▶ **Stored entries**

_ _ _

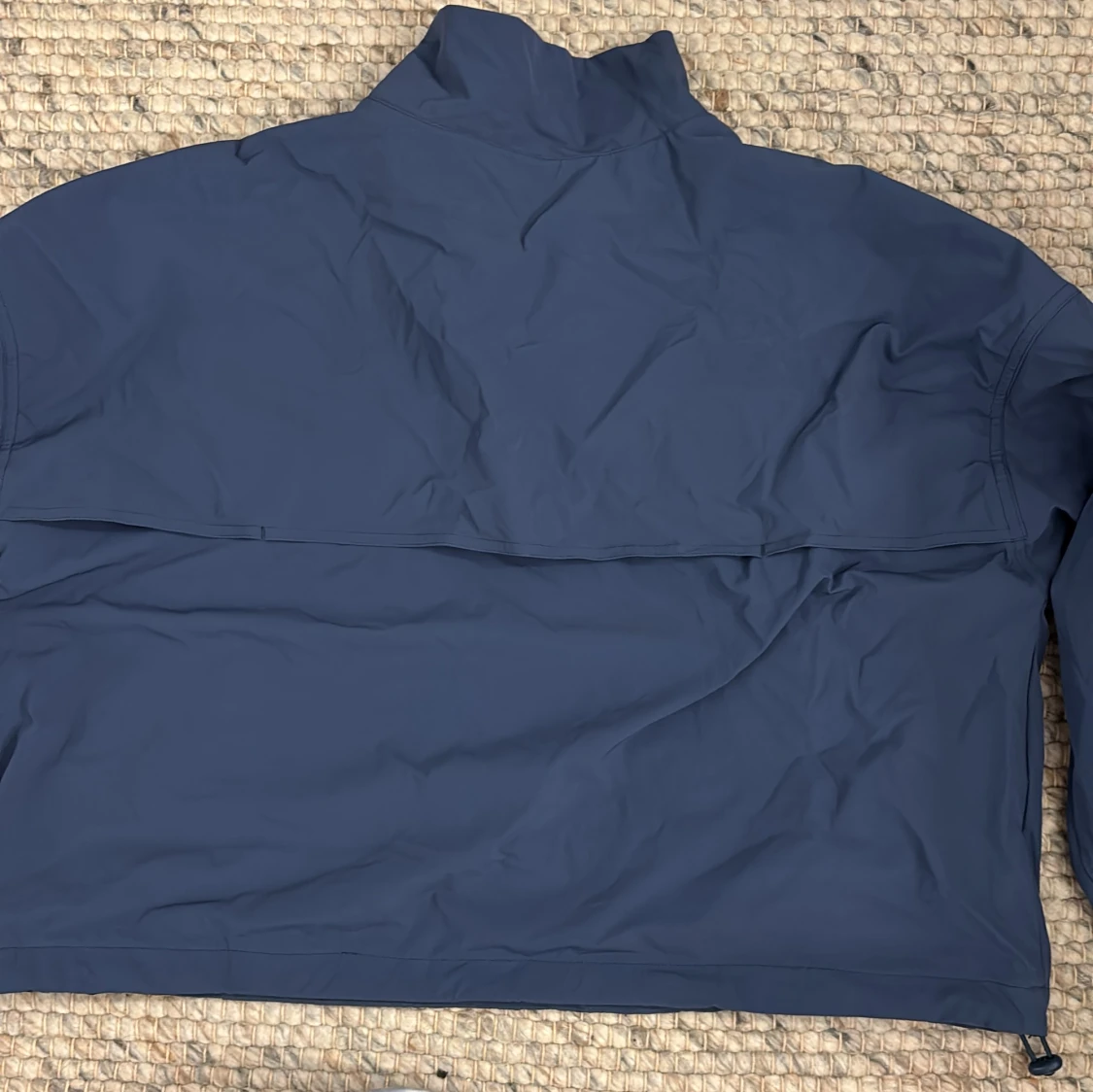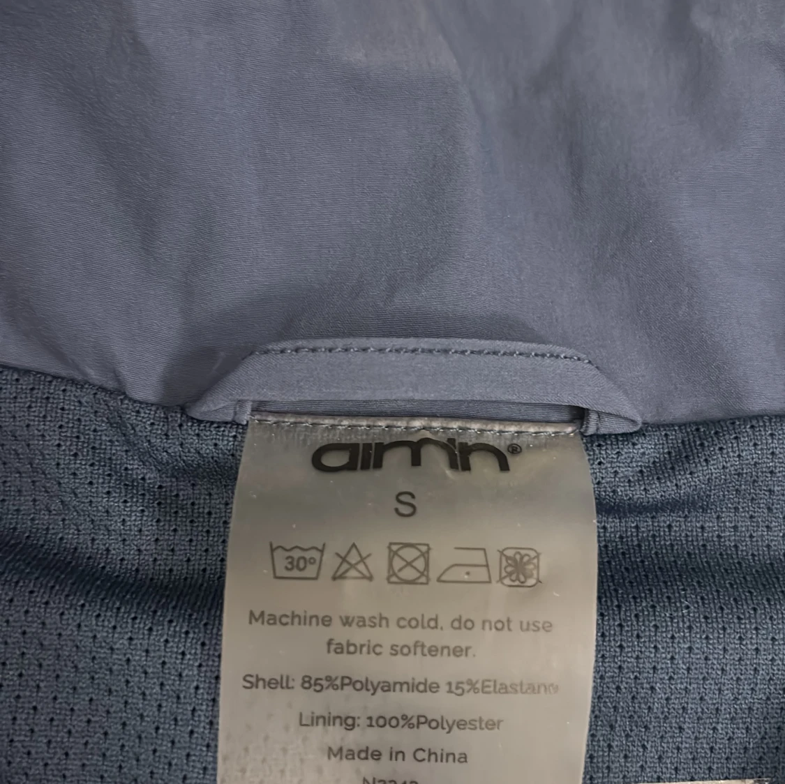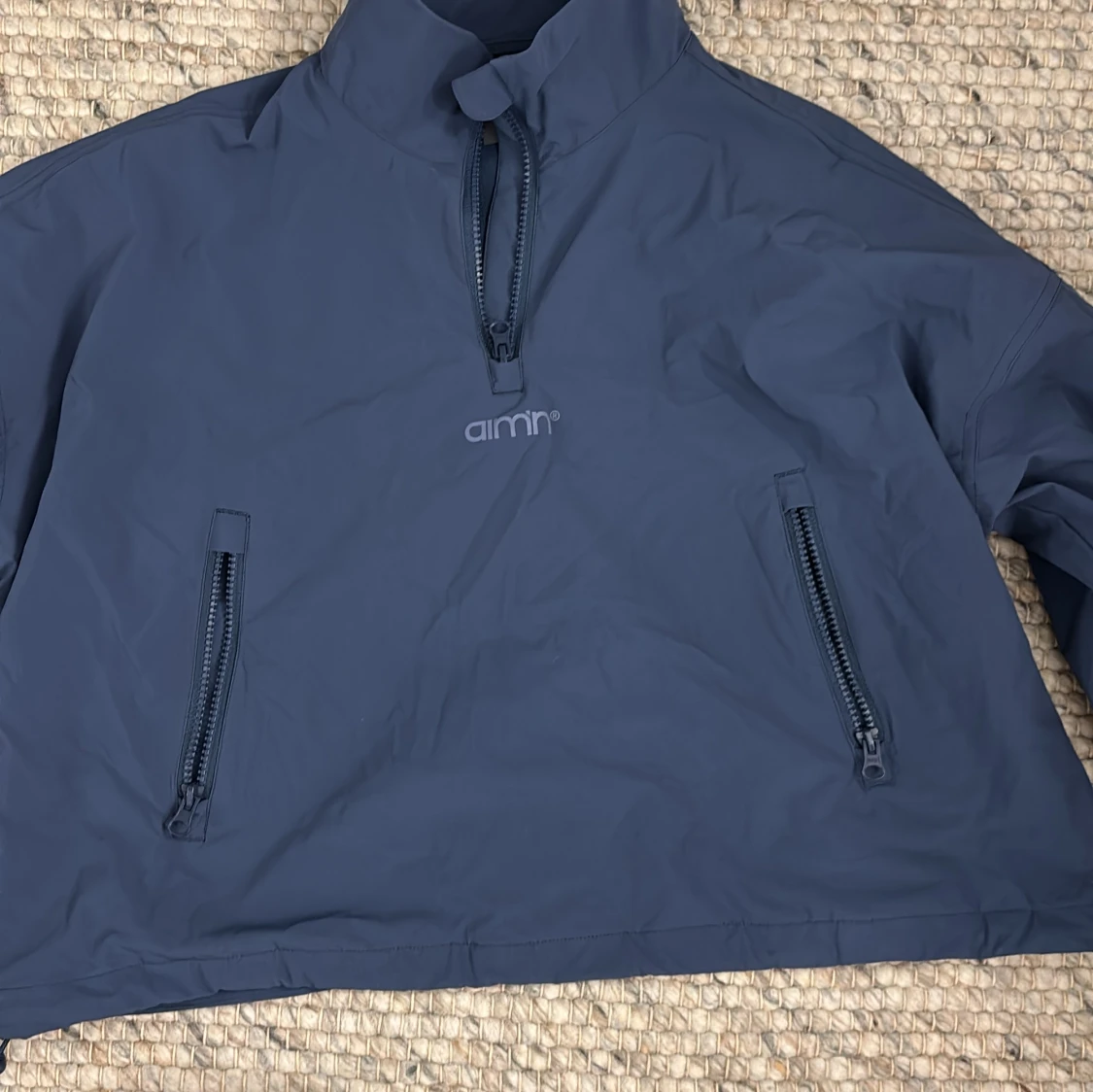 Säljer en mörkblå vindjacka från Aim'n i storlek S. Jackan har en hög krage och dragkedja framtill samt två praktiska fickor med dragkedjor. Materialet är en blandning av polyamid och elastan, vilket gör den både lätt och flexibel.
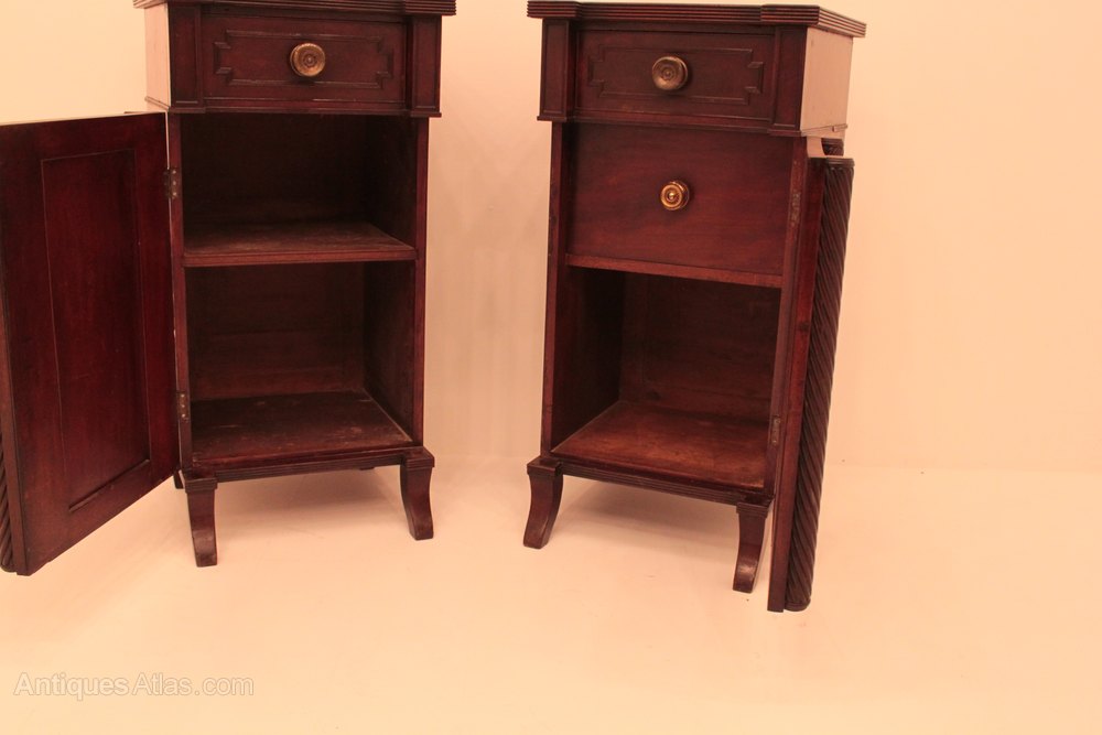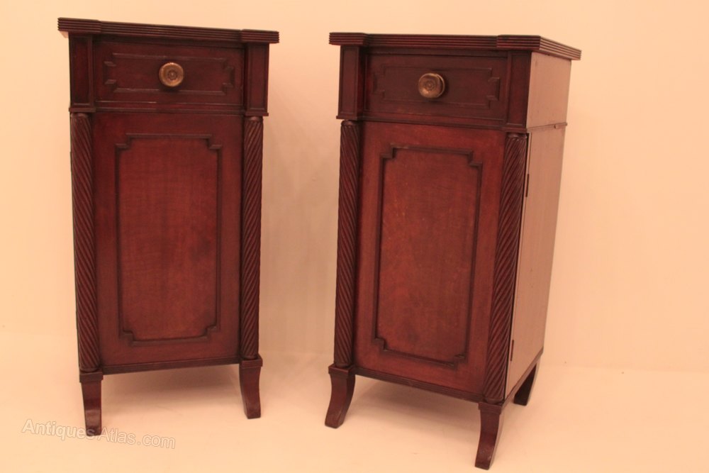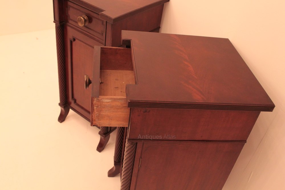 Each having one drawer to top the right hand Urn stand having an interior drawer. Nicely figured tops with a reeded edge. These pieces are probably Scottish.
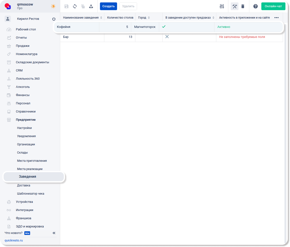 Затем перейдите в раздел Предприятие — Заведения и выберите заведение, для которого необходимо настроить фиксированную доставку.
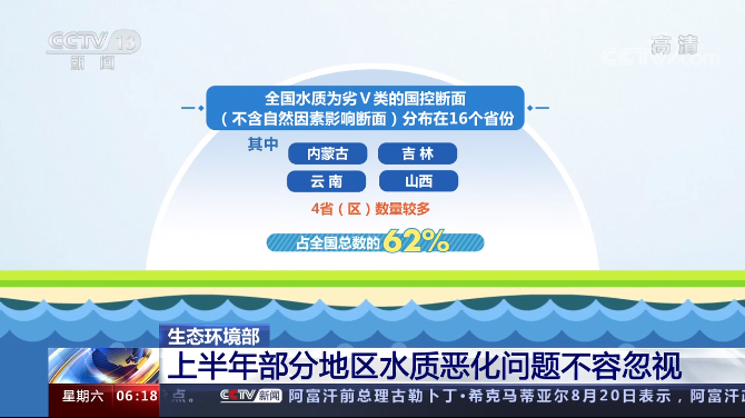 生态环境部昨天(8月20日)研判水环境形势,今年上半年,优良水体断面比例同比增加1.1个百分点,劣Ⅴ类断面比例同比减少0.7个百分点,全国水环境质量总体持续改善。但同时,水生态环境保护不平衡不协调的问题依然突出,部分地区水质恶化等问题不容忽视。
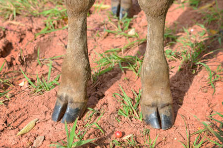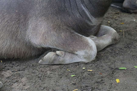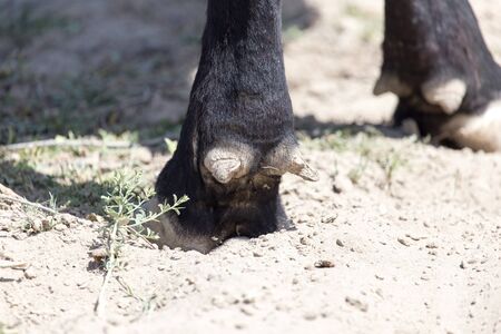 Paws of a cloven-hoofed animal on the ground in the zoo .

_ _ _

The answer must be an exact copy of the lines from the start of the records above through the line containing "Затем перейдите в", with no pictures in it.

 Säljer en mörkblå vindjacka från Aim'n i storlek S. Jackan har en hög krage och dragkedja framtill samt två praktiska fickor med dragkedjor. Materialet är en blandning av polyamid och elastan, vilket gör den både lätt och flexibel.
 Each having one drawer to top the right hand Urn stand having an interior drawer. Nicely figured tops with a reeded edge. These pieces are probably Scottish.
 Затем перейдите в раздел Предприятие — Заведения и выберите заведение, для которого необходимо настроить фиксированную доставку.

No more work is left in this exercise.